+++ PROVIDED RECORDS

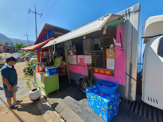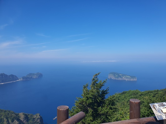 👉 내수전 일출 전망대에서 본 바다와 먼 섬들은 너무나도 멋이 있었어요. 전망대에 가기까지는 약 20분 정도 둘레길과 계단을 따라 올라가야하는데요. 중간에 시원한 마가목차와 호박식혜를 파는 곳이 있어 더운 날씨에 맛나게 먹었답니다.
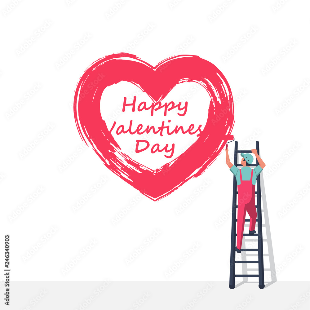 Artist On The Stairs Draws Big Red Heart On Wall Grunge Stroke Symbol Of Love Greeting Cards For Valentine S Day Painted With Brush Vector Illustration Flat Design Isolated On White Background Stock
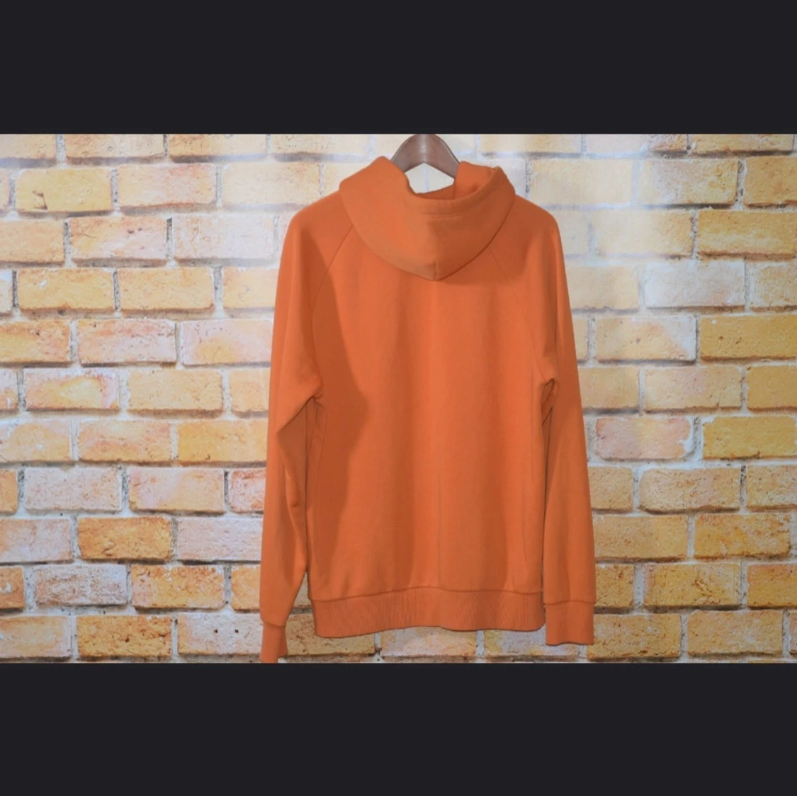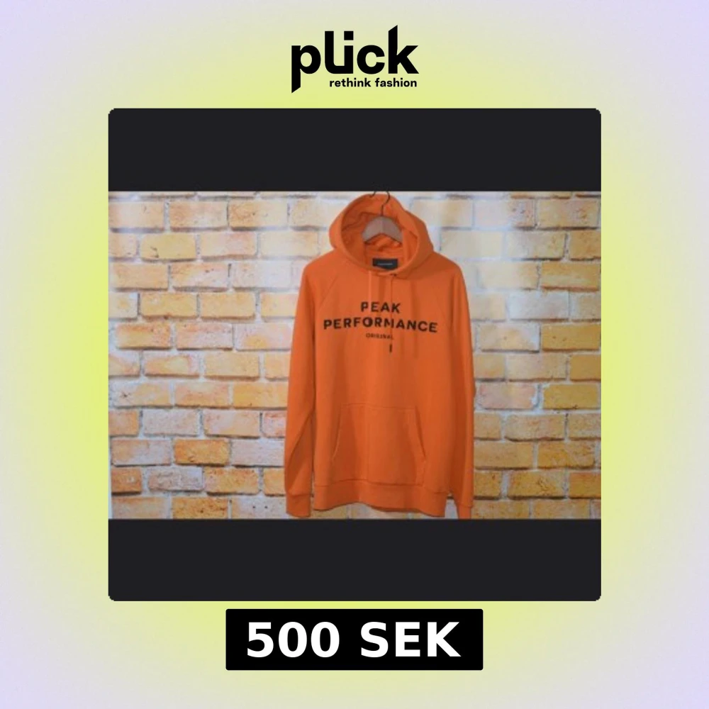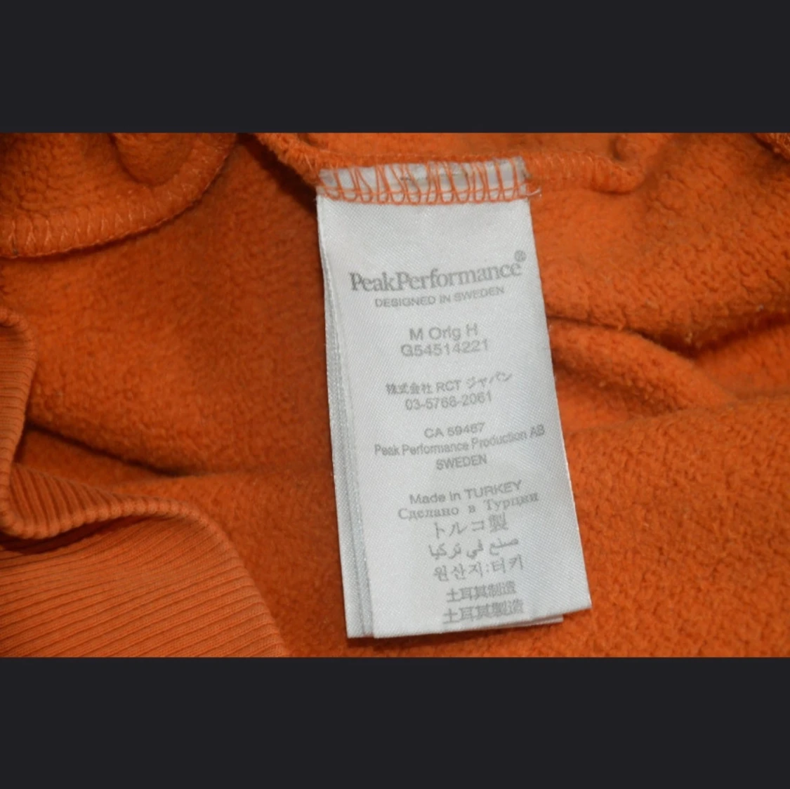Snygg orange hoodie från Peak Performance med svart broderad logga på bröstet. Tröjan har huva med dragsko, känguruficka och långa ärmar. Perfekt för dig som gillar streetwear och vill sticka ut med en färgstark look.
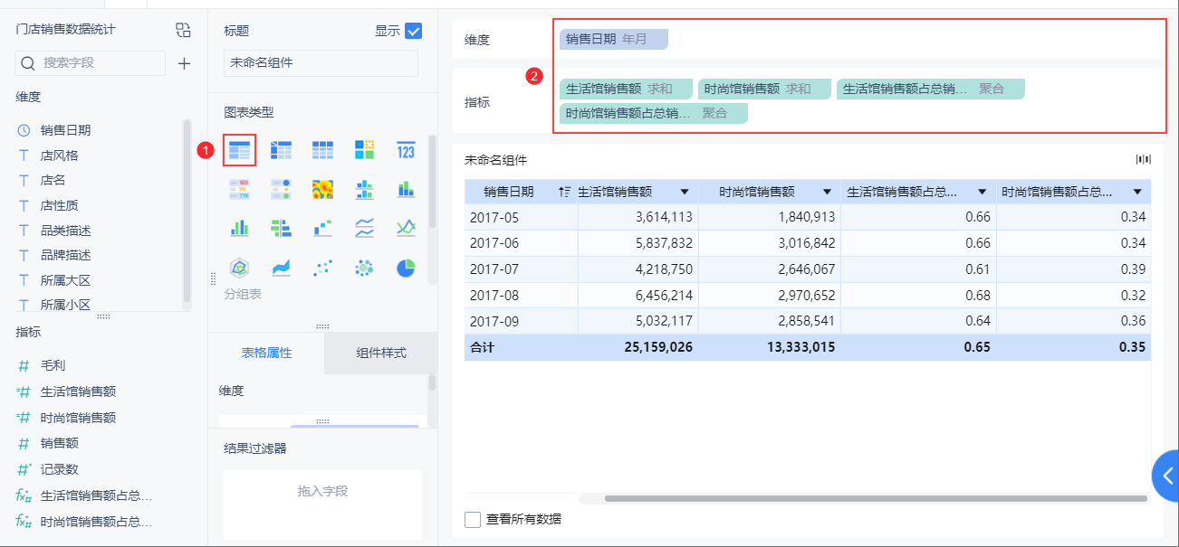 复制「销售额」指标,进行明细过滤,过滤条件为店风格属于「时尚馆」,添加计算字段:时尚馆每月销售额/每月总销售额;
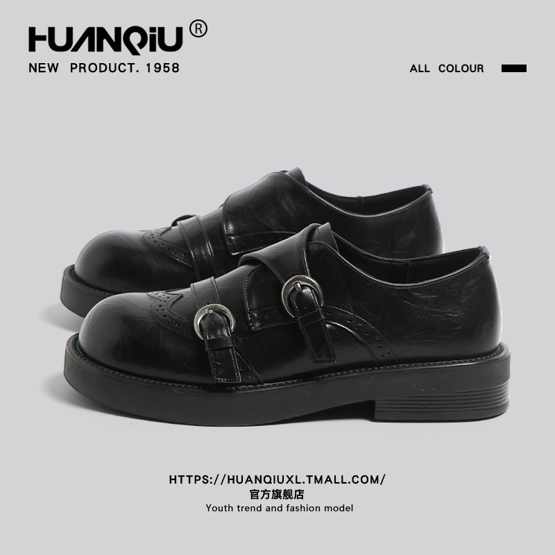 诗路花语2026春真皮布洛克皮带扣乐福鞋学院风小皮鞋单鞋91-6056
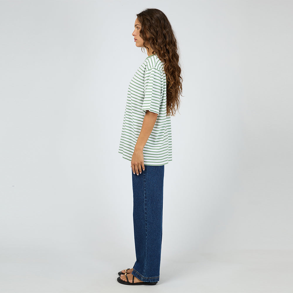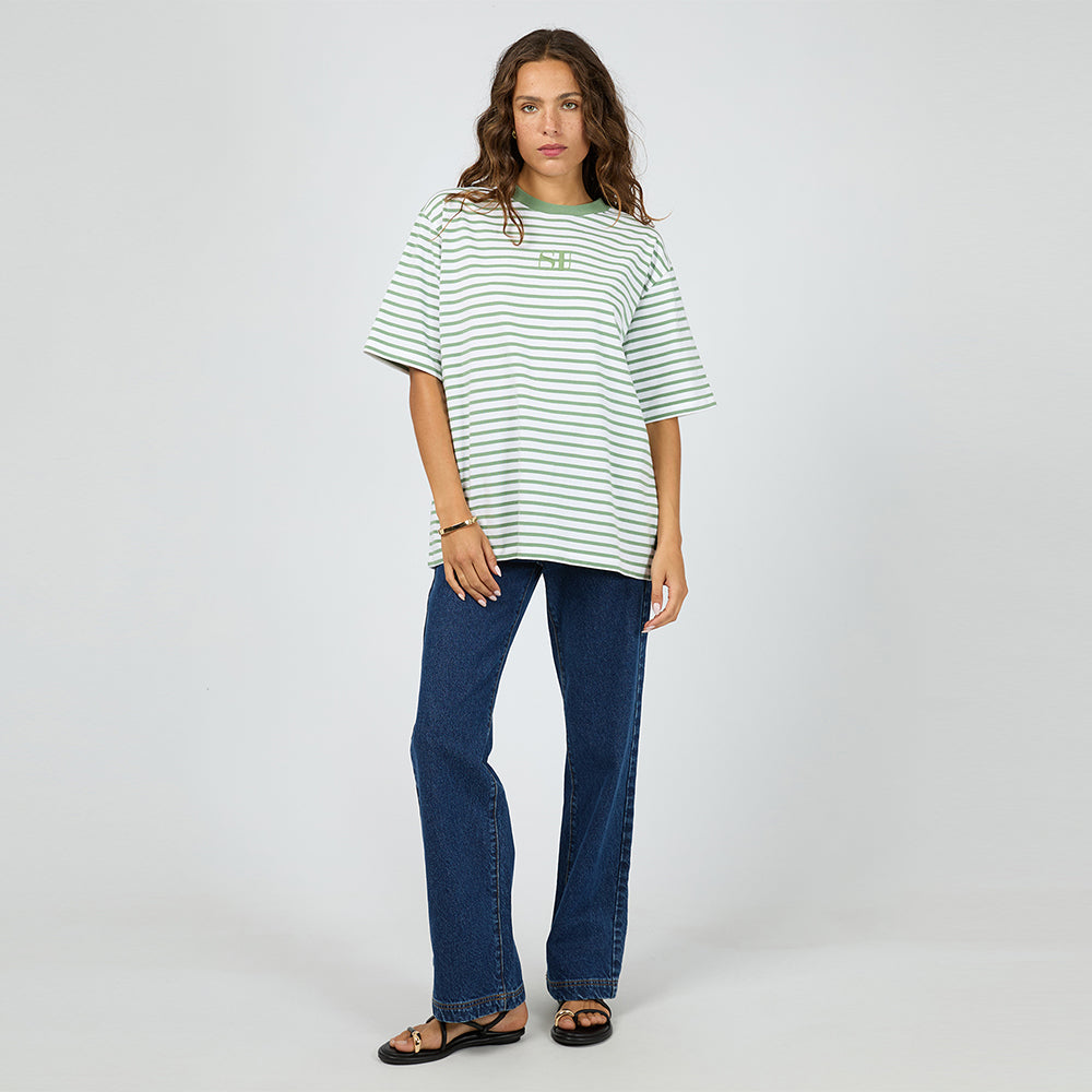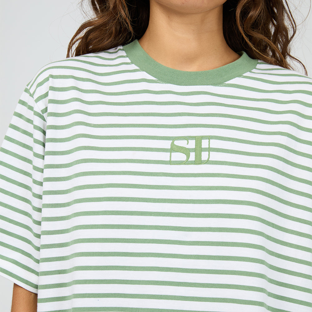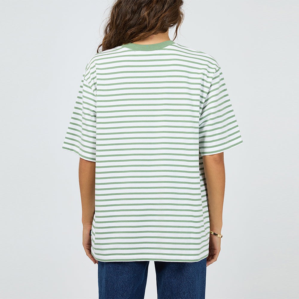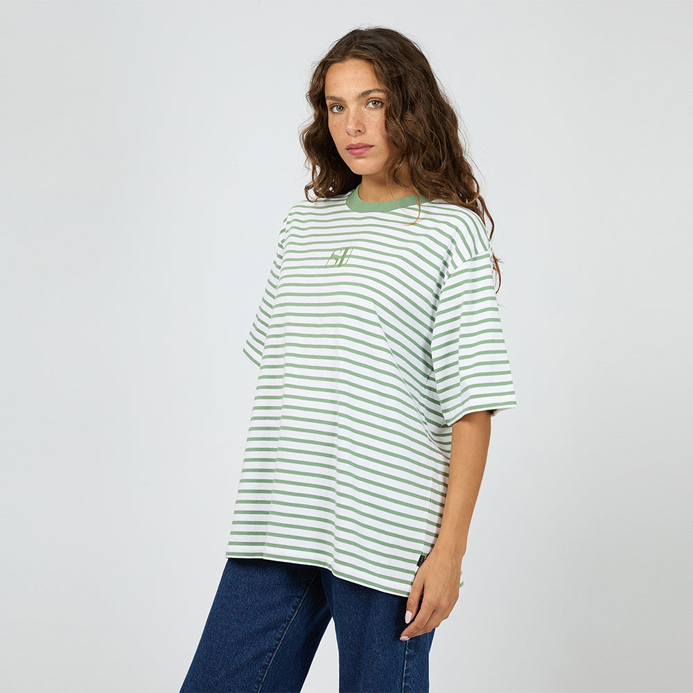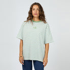 Elevate your basics with our Silent Stripe Short Sleeve Tee (Silent Theory Clothing). Made from a soft heavy weight jersey this tee has an oversized fit that keeps its structure as well as a branded embroidery and yarn dyed stripe design. From walks with friends to work, this tee can take you anywhere.
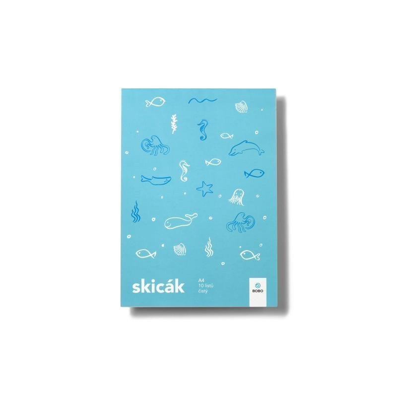 Skicák A4 s motivem mořského světa se bude líbit klukům i holkám. Tvrdší papír je vhodný pro kresbu a malbu pastelkami, fixami i vodovkami.
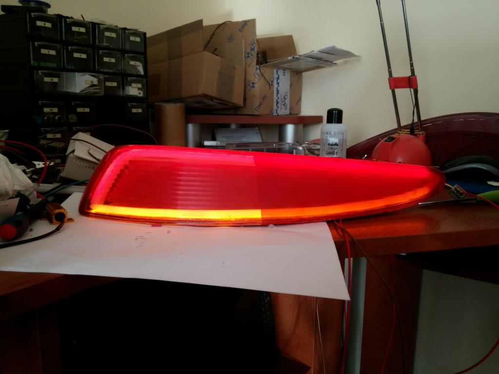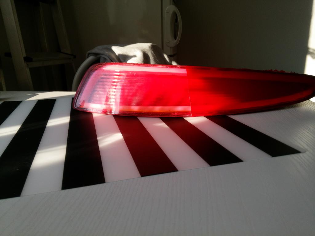 Lampa już złożona, Próbnie zamontowana w samochodzie. Filmik będzie jutro bo dziś już za ciemno i tele nie ogarnia. Na pół lampy położona dodatkowo folia, dzięki temu moim zdaniem lampa lepiej wygląda. Zostało jeszcze parę szczegółów do dogrania lecz istotnych.

++++++

* [WHAT YOU WILL DO] Restate, word for word, each line from the line containing "诗路花语2026春真皮布洛克皮带扣乐福鞋学院风小皮鞋单鞋91-6056" through the end of the entries above; the pictures are not part of the copy.

* [FINISHED TASK]
 诗路花语2026春真皮布洛克皮带扣乐福鞋学院风小皮鞋单鞋91-6056
 Elevate your basics with our Silent Stripe Short Sleeve Tee (Silent Theory Clothing). Made from a soft heavy weight jersey this tee has an oversized fit that keeps its structure as well as a branded embroidery and yarn dyed stripe design. From walks with friends to work, this tee can take you anywhere.
 Skicák A4 s motivem mořského světa se bude líbit klukům i holkám. Tvrdší papír je vhodný pro kresbu a malbu pastelkami, fixami i vodovkami.
 Lampa już złożona, Próbnie zamontowana w samochodzie. Filmik będzie jutro bo dziś już za ciemno i tele nie ogarnia. Na pół lampy położona dodatkowo folia, dzięki temu moim zdaniem lampa lepiej wygląda. Zostało jeszcze parę szczegółów do dogrania lecz istotnych.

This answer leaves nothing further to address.